Top cop outlines wish list for new Breck police station |

Top cop outlines wish list for new Breck police station

BRECKENRIDGE – Breckenridge Police Chief Rick Holman has a long wish list of items he’d like to see if the town council decides to build a new police department building.

“Our intent isn’t to design an urban-area police structure,” he told town council members Tuesday night. “The list just seems so long because there’s so much we’re currently lacking.”

Constructing a new police department building or renovating another town-owned structure are among the options a consultant suggested to help the town keep up with future demands. A new police station is the top priority, because officers have far less space than comparable police departments in other towns throughout the nation.

The size limitations frustrate officers, Holman said.

“We make a lot of copies every day, for attorneys, the DA, insurance companies,” he said. “This year, we had to buy a new copier, and we had to buy a substandard one because of space limitations.”

The department also faces a challenge in the records department, where documents are kept for two years. Last year, officers responded to 10,000 calls, most of which required them to fill out reports.

They also don’t have enough room to store their equipment.

“It’s the nature of police work that we have a lot of toys,” Holman said. “We need space to put armories, radios, flashlights and training equipment.”

Each officer is issued about $2,500 worth of equipment and uniforms, including cold-weather gear and boots many departments don’t provide.

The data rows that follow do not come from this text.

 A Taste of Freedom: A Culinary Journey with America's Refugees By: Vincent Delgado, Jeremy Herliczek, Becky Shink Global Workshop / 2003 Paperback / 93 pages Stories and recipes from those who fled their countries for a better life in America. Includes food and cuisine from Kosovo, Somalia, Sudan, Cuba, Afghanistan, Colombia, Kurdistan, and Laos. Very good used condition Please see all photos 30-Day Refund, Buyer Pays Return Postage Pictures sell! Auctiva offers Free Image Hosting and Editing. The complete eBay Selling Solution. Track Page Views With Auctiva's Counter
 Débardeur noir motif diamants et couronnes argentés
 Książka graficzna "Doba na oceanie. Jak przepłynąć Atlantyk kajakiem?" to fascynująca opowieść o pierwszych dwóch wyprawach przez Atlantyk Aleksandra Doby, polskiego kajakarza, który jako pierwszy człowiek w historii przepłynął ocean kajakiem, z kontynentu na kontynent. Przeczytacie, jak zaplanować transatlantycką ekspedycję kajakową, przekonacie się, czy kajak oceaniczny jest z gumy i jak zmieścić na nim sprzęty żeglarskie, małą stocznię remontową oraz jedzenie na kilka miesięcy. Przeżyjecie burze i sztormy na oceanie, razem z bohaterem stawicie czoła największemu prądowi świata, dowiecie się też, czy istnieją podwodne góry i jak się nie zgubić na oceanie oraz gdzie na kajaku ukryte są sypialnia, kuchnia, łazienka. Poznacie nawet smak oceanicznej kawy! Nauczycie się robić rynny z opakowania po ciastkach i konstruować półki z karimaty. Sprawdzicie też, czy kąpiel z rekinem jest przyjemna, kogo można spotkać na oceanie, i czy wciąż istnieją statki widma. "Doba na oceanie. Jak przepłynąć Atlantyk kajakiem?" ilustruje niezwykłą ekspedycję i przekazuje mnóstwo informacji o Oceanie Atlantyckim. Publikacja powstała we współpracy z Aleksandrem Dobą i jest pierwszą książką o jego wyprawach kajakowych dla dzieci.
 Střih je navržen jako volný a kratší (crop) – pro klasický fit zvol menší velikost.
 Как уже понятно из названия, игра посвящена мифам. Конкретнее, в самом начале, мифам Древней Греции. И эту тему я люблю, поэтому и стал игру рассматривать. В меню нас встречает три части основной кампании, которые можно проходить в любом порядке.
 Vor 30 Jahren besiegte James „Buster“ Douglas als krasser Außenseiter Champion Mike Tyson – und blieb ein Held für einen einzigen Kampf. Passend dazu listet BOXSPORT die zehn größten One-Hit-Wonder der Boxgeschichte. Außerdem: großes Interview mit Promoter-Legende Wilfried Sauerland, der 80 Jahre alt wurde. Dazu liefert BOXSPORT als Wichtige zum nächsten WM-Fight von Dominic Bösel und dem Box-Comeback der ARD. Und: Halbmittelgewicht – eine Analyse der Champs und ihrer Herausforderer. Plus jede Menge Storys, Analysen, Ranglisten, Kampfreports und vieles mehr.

“Whenever you have locker rooms,” Holman said, “it’s nice to have running water. And the female officers have to change in a closet.”

The evidence storage is crowded, as well. In 2002, Holman said, police logged in 829 pieces of evidence.

Police don’t even have a place where they can dust items for fingerprints or let a wet shirt dry before removing a blood sample from it.

One major consideration is the layout of the department, which affects how police interact with the public. Federal law requires police to separate juveniles and adults, and police like to keep suspects apart during interviews. The Breckenridge department, however, doesn’t have an interview room.

“If we have four suspects, we don’t have a place to put them,” he said. “You have to have one officer to interview one of them while another guards the others in a separate location. And there are no restrooms in the police department. If someone needs to go to the bathroom, you have to get another officer to escort them downstairs.”

That, too, presents a problem.

“If you have a family of tourists at the counter asking questions and you have to bring in a loud, combative suspect, you don’t like these people to cross paths,” he said.

He also would like to have a sallyport, a large garage that allows officers to access the station out of the public eye. At the county justice center, officers take suspects into the sallyport, close the garage door, lead suspects into a room and lock the door behind them. There, they buzz the officers in the jail, who open a second door, admitting them into the jail. At no time is there a chance for a suspect to escape.

Holman said such basic requests probably would mean the town couldn’t retrofit the existing department. Two weeks ago, consultants said the town hall building was such a hodgepodge of additions, it would be difficult to retrofit.

“We may not be able to hit the ideal,” said Mayor Sam Mamula. “But somewhere between the mess we have now and the ideal is where we’re going to fall.”

The council tentatively plans to hold an executive session next month to discuss what properties throughout town – regardless of who owns them – might be suitable sites for a new department.

“This is not a new problem,” Mamula said. “We discovered this 10 years ago. It’s just an issue that’s been neglected.”